What is needed here is an exact printout of the data, with no pictures included.

Provided data —

*** Begin section ***

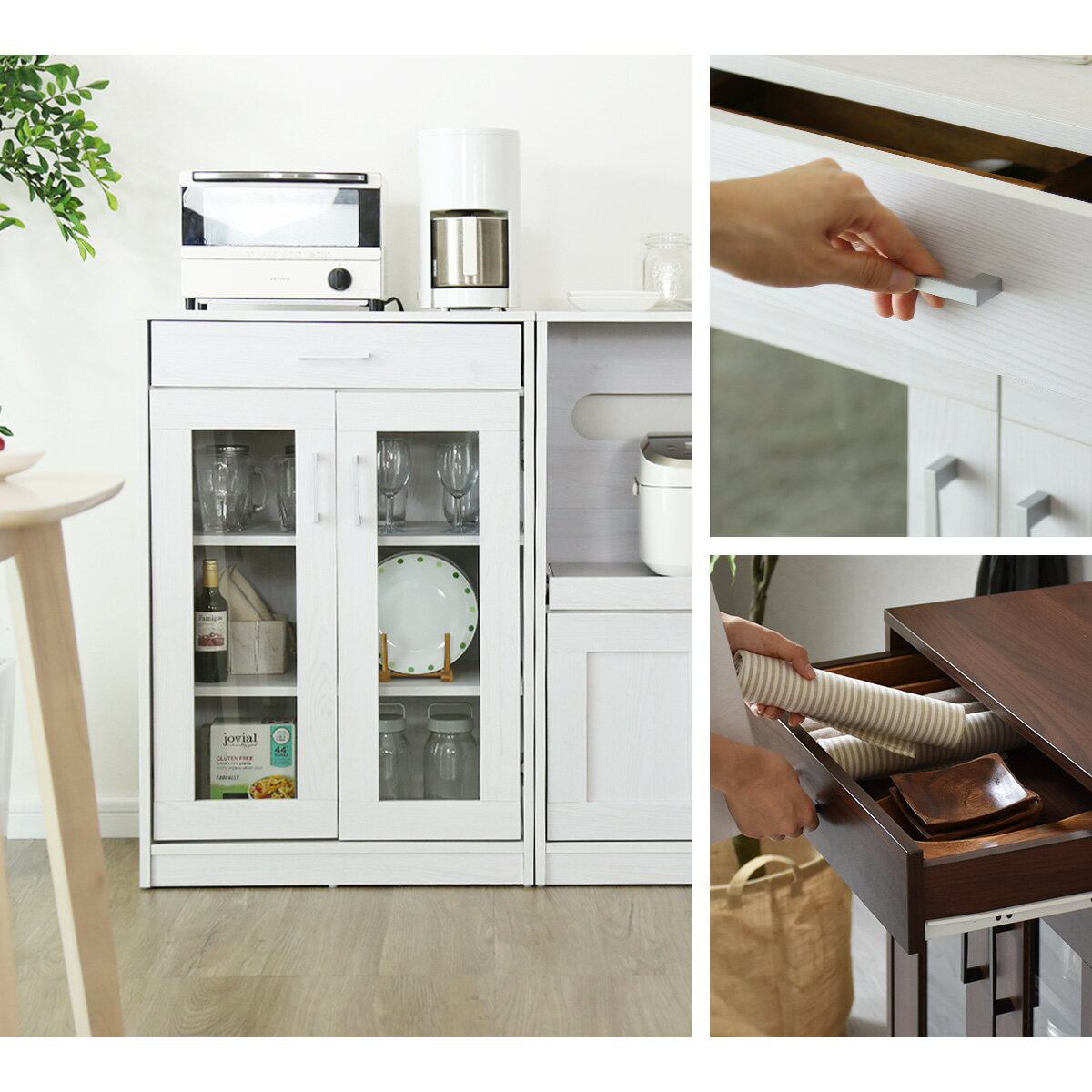 【クーポン10%off 6日00時〜9日24時】 キッチン 収納 引き出し 引出付き 収納付き キッチンラック キッチンワゴン レンジワゴン レンジ台 隙間収納 ガラス棚 食器棚 幅60 一人暮らし ロータイプ 引出し ガラス扉 カップボード 北欧 モダン おしゃれ リリーロー ドリス |
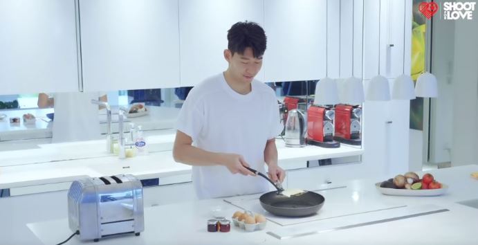 손흥민 선수는 아침에 일어나자마자 주방에서 토스트를 만들었다. 그는 빵과 달걀, 햄을 집어 던져 만든 토스트를 들고 가며 "역시 햄은 토튼햄(토트넘)이지!"라고 말했다.
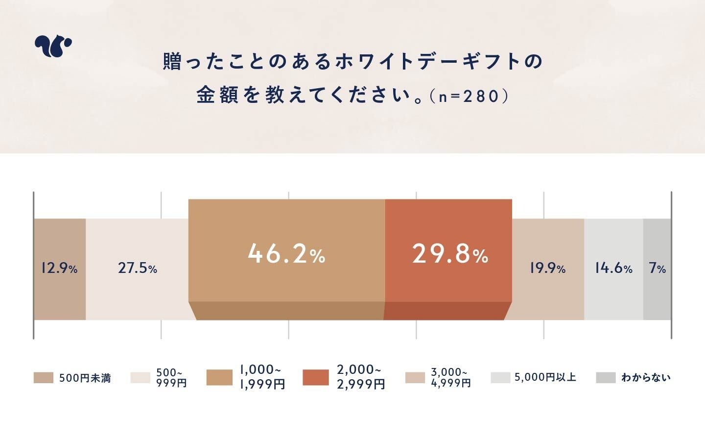 - 贈ったことのあるホワイトデーギフトの金額で多かったのは「1,000円〜1,999円(46.2%)」、次いで「2,000円〜2,999円(29.8%)」

*** End section ***

Exercise output —
 【クーポン10%off 6日00時〜9日24時】 キッチン 収納 引き出し 引出付き 収納付き キッチンラック キッチンワゴン レンジワゴン レンジ台 隙間収納 ガラス棚 食器棚 幅60 一人暮らし ロータイプ 引出し ガラス扉 カップボード 北欧 モダン おしゃれ リリーロー ドリス |
 손흥민 선수는 아침에 일어나자마자 주방에서 토스트를 만들었다. 그는 빵과 달걀, 햄을 집어 던져 만든 토스트를 들고 가며 "역시 햄은 토튼햄(토트넘)이지!"라고 말했다.
 - 贈ったことのあるホワイトデーギフトの金額で多かったのは「1,000円〜1,999円(46.2%)」、次いで「2,000円〜2,999円(29.8%)」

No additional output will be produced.